Spain’s banks have told the government that they are willing to freeze evictions of destitute homeowners. The announcement came ahead of a meeting later Monday between the government and the main opposition Socialist Party to find a solution to a problem that is assuming an increasingly tragic face.
A 53-year-old Basque woman killed herself on Friday by jumping from the window of the sixth-floor home she was due to be evicted from. It was the second eviction-related suicide in recent weeks.
There have been some 350,000 cases of home repossession in the past four years in a country still locked in an economic crisis that has seen the jobless rate rise to over 25 percent for the first time on record. The problem is expected to worsen, with Brussels predicting that the ranks of the unemployed will swell to over six million in 2013.
In a letter to the secretary of state for the economy, Fernando Jiménez Latorre, the Spanish Banking Association (AEB) said its members were willing to halt evictions over the next two years “in cases of extreme need for humanitarian reasons.”
The Spanish Confederation of Savings Banks (CECA) also said it would suspend evictions of “particularly vulnerable” families from their homes.
The AEB did not define what it understood by “extreme need.” It also rejected Socialist demands for the stay on evictions to be made retroactive.
“This commitment has been the object of intense and profound debate among member banks, with a view to helping to ease the situation of destitution many people face as a result of the economic crisis,” the AEB said in its letter, which was sent on November 8.
The association said it was willing to sit down with the government and the main opposition party as well as other political groups “to offer its opinion on the organization of the mortgage market with a view to it meeting the primary need for housing.”
Banks such as Kutxabank and Caja Laboral have already announced their decision to freeze evictions, while Caja España-Duero has placed a stay on seizing the homes of families in dire financial straits.
The banking sector reluctantly accepted a Code of Good Practices on evictions in March of this year.
The code in theory provides protection for homeowners in some cases, such as those where all family members are out of work and have to set aside over 60 percent of their resources to pay their mortgage.
Under Spanish law, even in the case of foreclosures, mortgage holders are still liable for outstanding bank payments on the property.

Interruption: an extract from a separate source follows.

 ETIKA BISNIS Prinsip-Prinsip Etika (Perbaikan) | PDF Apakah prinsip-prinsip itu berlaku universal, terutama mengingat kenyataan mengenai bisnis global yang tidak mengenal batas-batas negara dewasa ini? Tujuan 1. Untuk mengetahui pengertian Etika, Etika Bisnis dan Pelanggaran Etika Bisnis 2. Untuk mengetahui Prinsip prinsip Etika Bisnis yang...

The current mortgage law dates back to the beginning of last century. Judges have also called for a solution to the problem, while a police labor union has said it would support officers who refused to assist in evictions.
Deputy Prime Minister Soraya Sáenz de Santamaría said Monday that the ruling Popular Party and the Socialists would try to come to an agreement on how to “stop the large number of evictions of people and families who find themselves in a situation of severe social vulnerability.”

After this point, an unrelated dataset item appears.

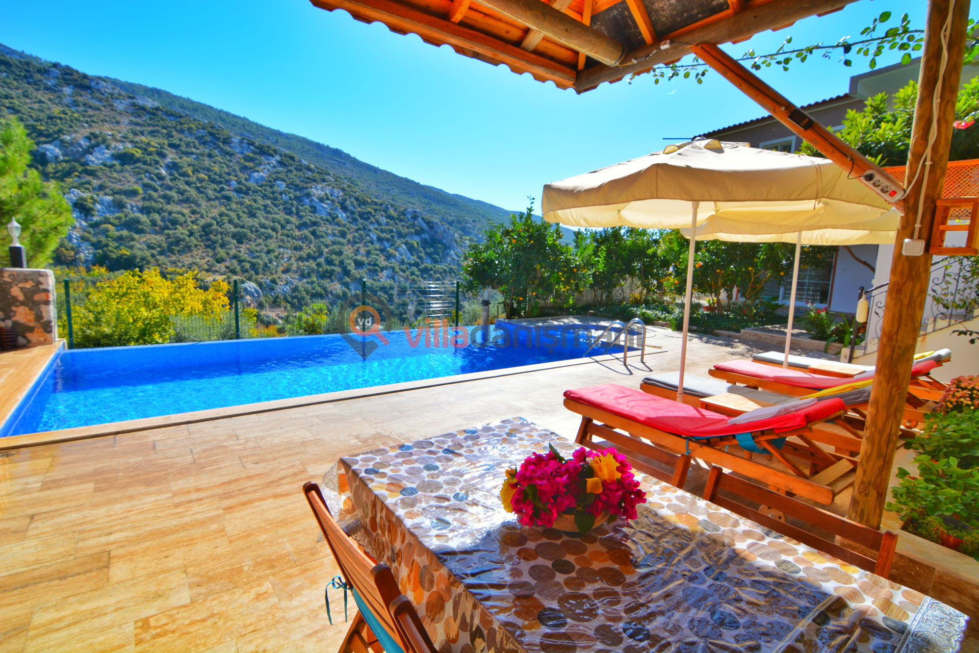Antalya'nın eşsiz tatil beldelerinden birisi olan Kalkan'ın İslamlar mevkiinde bulunan 4 kişi kapasiteli villalarımızdan bir tanesidir. Bahçesindeki havuzu jakuzili olup, huzuru ve mutluluğu yaşayacağınız doğa ile iç içe aileniz ve arkadaşlarınız ile keyifli bir tatil geçireceğiniz havuzu dışarıdan görünmeyen dolayısıyla muhafazakar tatil yapmak isteyenlerin gönül rahatlığı ile tercih edebileceği villalarımızdandır.

Sáenz de Santamaría and Elena Valenciano, the deputy secretary general of the Socialist Party, on November 7 agreed to look for a solution to the eviction problem “as soon as possible.”

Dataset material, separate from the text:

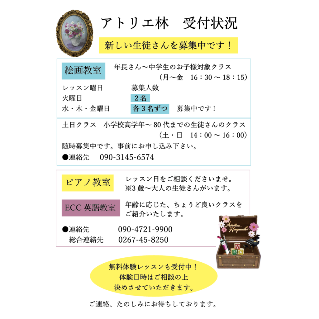 軽井沢の絵画教室・ピアノ教室・ECCジュニア英語教室

One of the ideas that have been touted is the introduction of a legal two-year moratorium on people without resources being thrown out of their homes.
María Dolores de Cospedal, the secretary general of the Popular Party, on Monday said there was a whole “gamut of solutions and proposals that need to be put on the table. We are going to resolve the problem. Many families are losing their homes and the government has studied this socially sensitive matter beyond the code of good practices.”
Speaking in Brussels, Economy Minister Luis de Guindos said “no family that acts in good faith should be without a roof over their heads.”
The Platform for the Mortgage Affected (PAH) held protests in Madrid on Monday against evictions. PAH wants any moratorium to be applied to all those who are unable to service the mortgage on the family home for reasons that are outside their control.